● What needs to be done: Up to and including the line bearing "在10-11月份,或者冬天,开始烧稻根。", output every line of the entries exactly as written, starting from the first; pictures stay out.
====== Data supplied
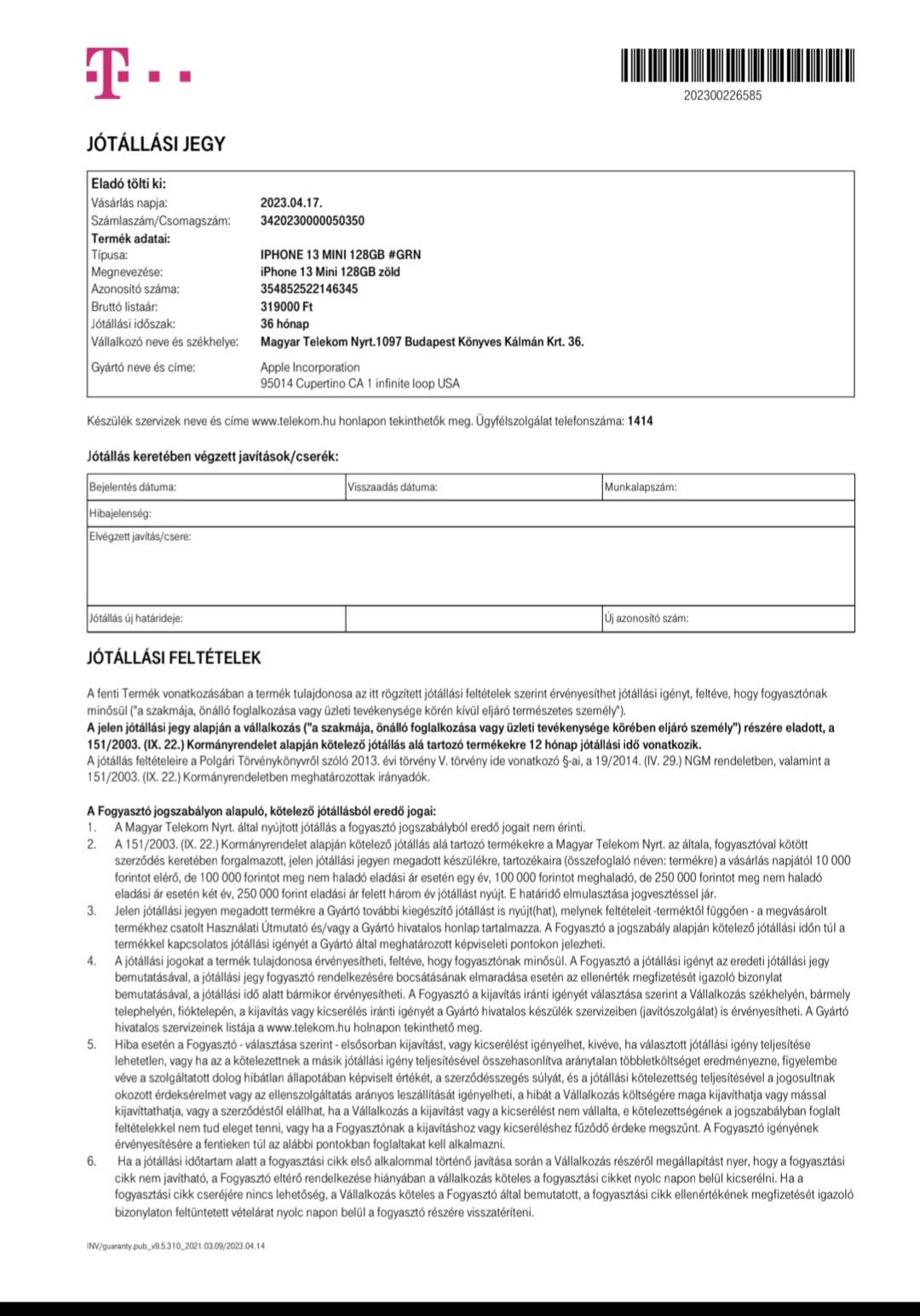 Iphone 13 mini green 128gb 2026.04 ig garanciális
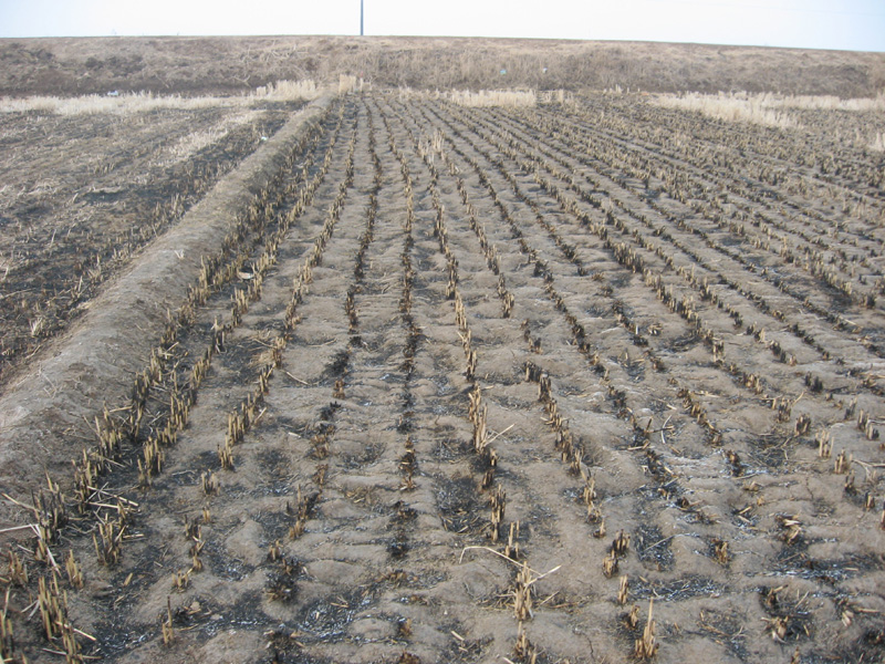 在10-11月份,或者冬天,开始烧稻根。烧稻根也要选择天气,一般是选择刮风的天气,因为秋天天气干燥,加上刮风,火势蔓延迅速,这样烧稻根又快又干净。烧晚稻根后,田野上呈现出一片黑黝黝的景象。其实这样做是不对的,应该用犁把稻根翻到土里,让稻根在土里腐烂,从而转化成养分,渗入到土壤里,有助于春天的播种。
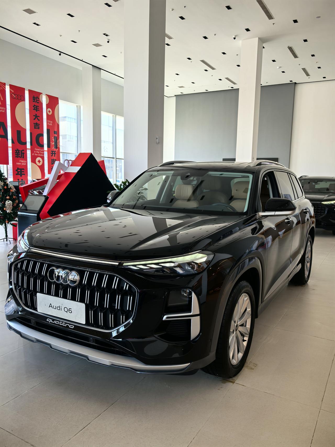 月初周末没事,寻思赶着置换补贴的尾巴去看看车! 本想去提GLC X3或Q5的 X3后排空间太小直接pass了, 试驾了GLC和Q5,C的豪华感没得说,但试驾感觉也没那么惊艳,且没有现车,只有辆库存款。 Q5优惠力度挺大的驾驶感不赖,但是可能因为先试了C再试的5吧,总感觉内饰有点寒酸了。另外满大街都是Q5,有点审美疲劳了,到处撞脸! 表弟六月份提了A7L,路过上汽奥迪店想去看看着,没想到被Q6吸引了,外观大气,内饰豪华,这个内饰的做工和用料真的是上心了。尤其喜欢棕内,整体车的配置来说,也算是真有性价比。 对比了黑武士和齐云羽林,外观上黑武士好看,帅气。但内饰座椅红色黑顶,这个有点不太喜欢。齐云的外观不如黑武士,但内饰棕色沙发的感觉相比更高档点。 综合考虑了下,选择了齐云羽林六座版。接下来就是试驾,虽然车子真是大,但是开起来很轻盈,加速很快,很安静,后排中间豪华沙发真是舒适,感觉出远门的话太享受了。 就是这么大车身,市里接送孩子,真有点不方便! 有点犹豫的是网评这个是什么换壳途昂之类的,想着买了后感觉会不会有点大冤种! 也没必要那么喷吧,但也没必要回避。保时捷曼卡还是同款发动机呢,途锐和卡宴还是同款呢,路虎和福特也用同款着呢。纵置横置又怎样,开着舒服不就得了嘛。 底盘麦佛逊配置的确有点遗憾,不过这个也在豪车队列里也常见。况且视频评测麋鹿测试的成绩比Q7要好。所以用啥又有什么关系呢。本来来讲比老七便宜十多万呢,不能价格低还要同样配置,怎么可能? 安全配置方面貌似这个9气囊也是同级别车里的高配了吧?看了国外的碰撞测试,还比较优良! 总之吧!瑕不掩瑜,喜欢终究是喜欢! 最后咱们有Q6的群么,车友拽我一下,以后有问题多交流请教!
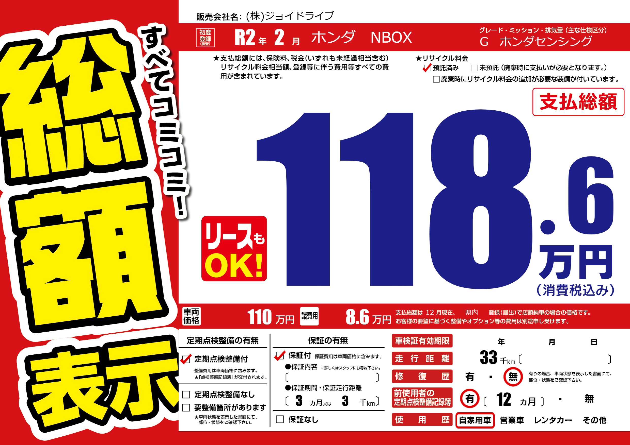 保証付き 保証内容(---) 3ヶ月または(3)千kmまで |
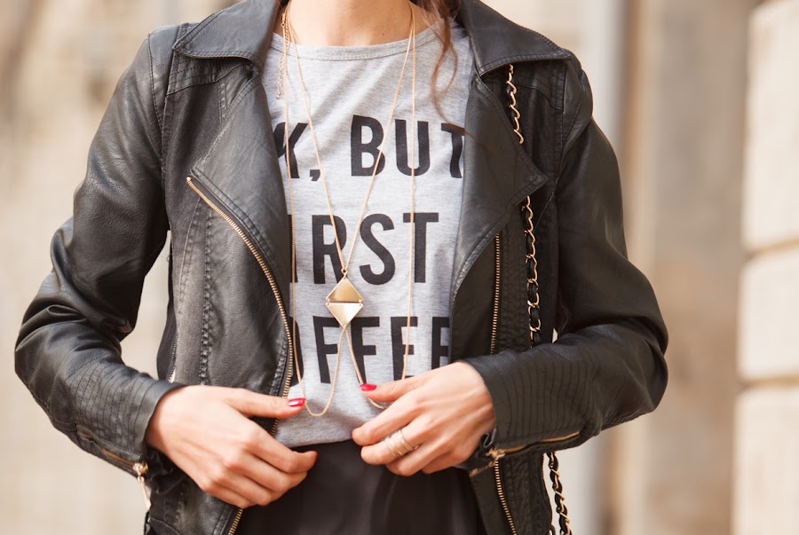 ¡Empezamos nueva semana con un look muy rockero! Estrenando camiseta con mensaje y falda de DRESSLINK!
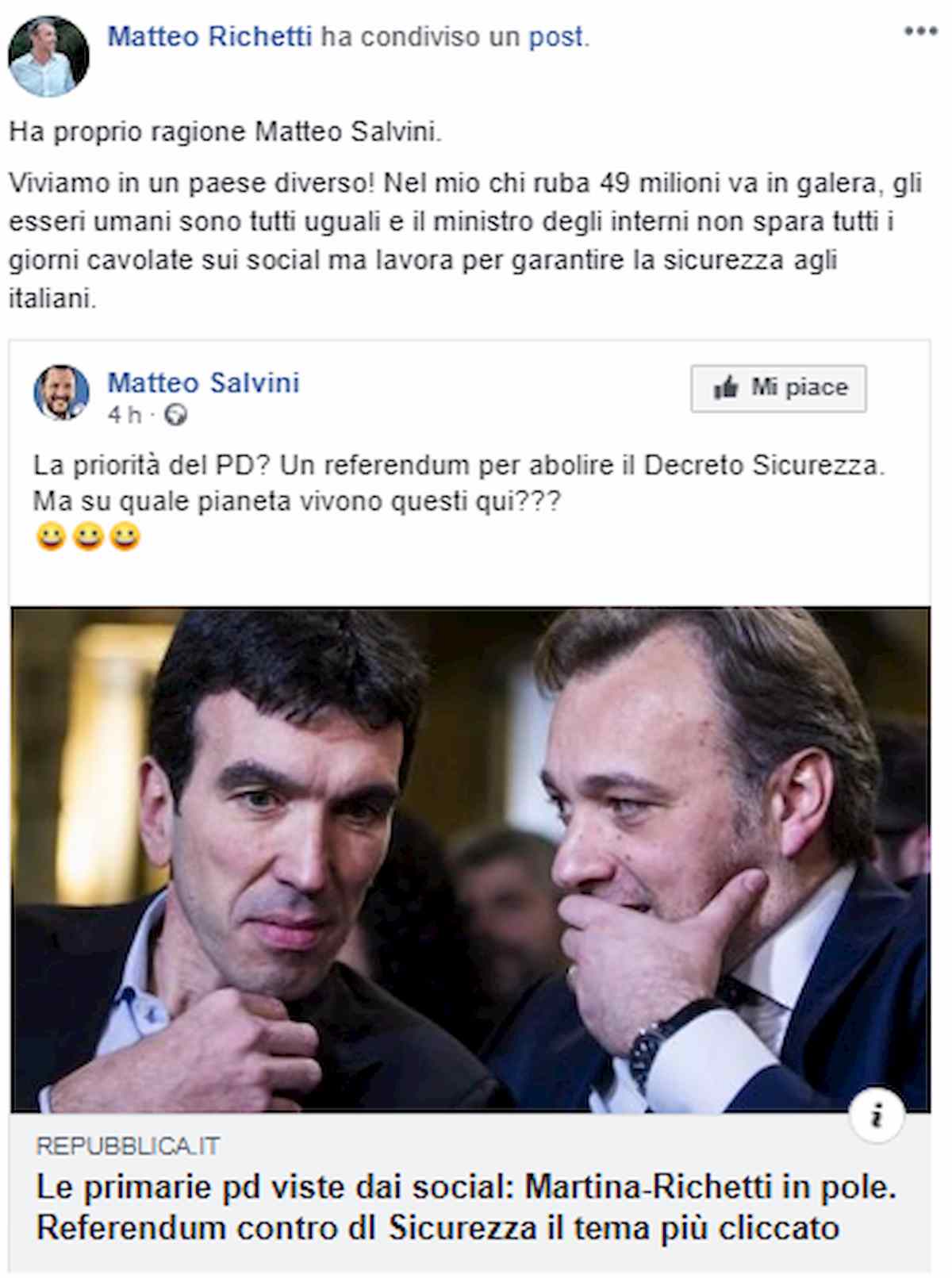 Salvini attacca Martina e Richetti, acceso il botta e risposta sui social Politica Italiana Salvini attacca Martina e Richetti, acceso il botta e risposta sui social admin Gennaio 4, 2019 Viene pubblicata l’indagine online sulle primarie del PD e Matteo Salvini non le manda a dire a...Read More
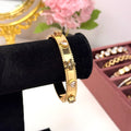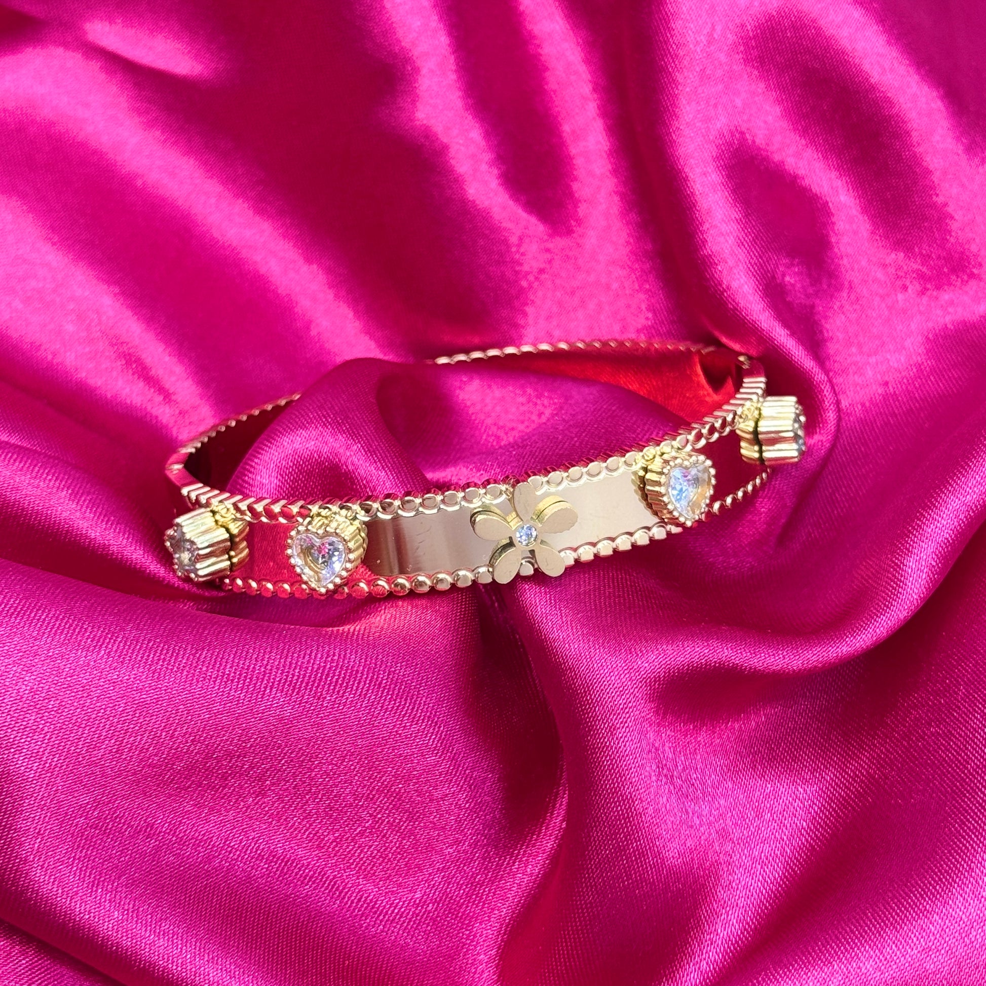 The Floret Glow Bracelet is a stunning blend of elegance and charm, crafted with intricate floral motifs and a radiant golden finish. Designed from premium, anti-tarnish stainless steel, it offers lasting durability and brilliance. The seamless flow of delicate flowers and sparkling accents makes it a perfect accessory for elevating both casual and formal looks. With its timeless beauty and graceful design, the Floret Glow Bracelet adds a touch of sophistication to your jewelry collection.
============
● Task solution:
 Iphone 13 mini green 128gb 2026.04 ig garanciális
 在10-11月份,或者冬天,开始烧稻根。烧稻根也要选择天气,一般是选择刮风的天气,因为秋天天气干燥,加上刮风,火势蔓延迅速,这样烧稻根又快又干净。烧晚稻根后,田野上呈现出一片黑黝黝的景象。其实这样做是不对的,应该用犁把稻根翻到土里,让稻根在土里腐烂,从而转化成养分,渗入到土壤里,有助于春天的播种。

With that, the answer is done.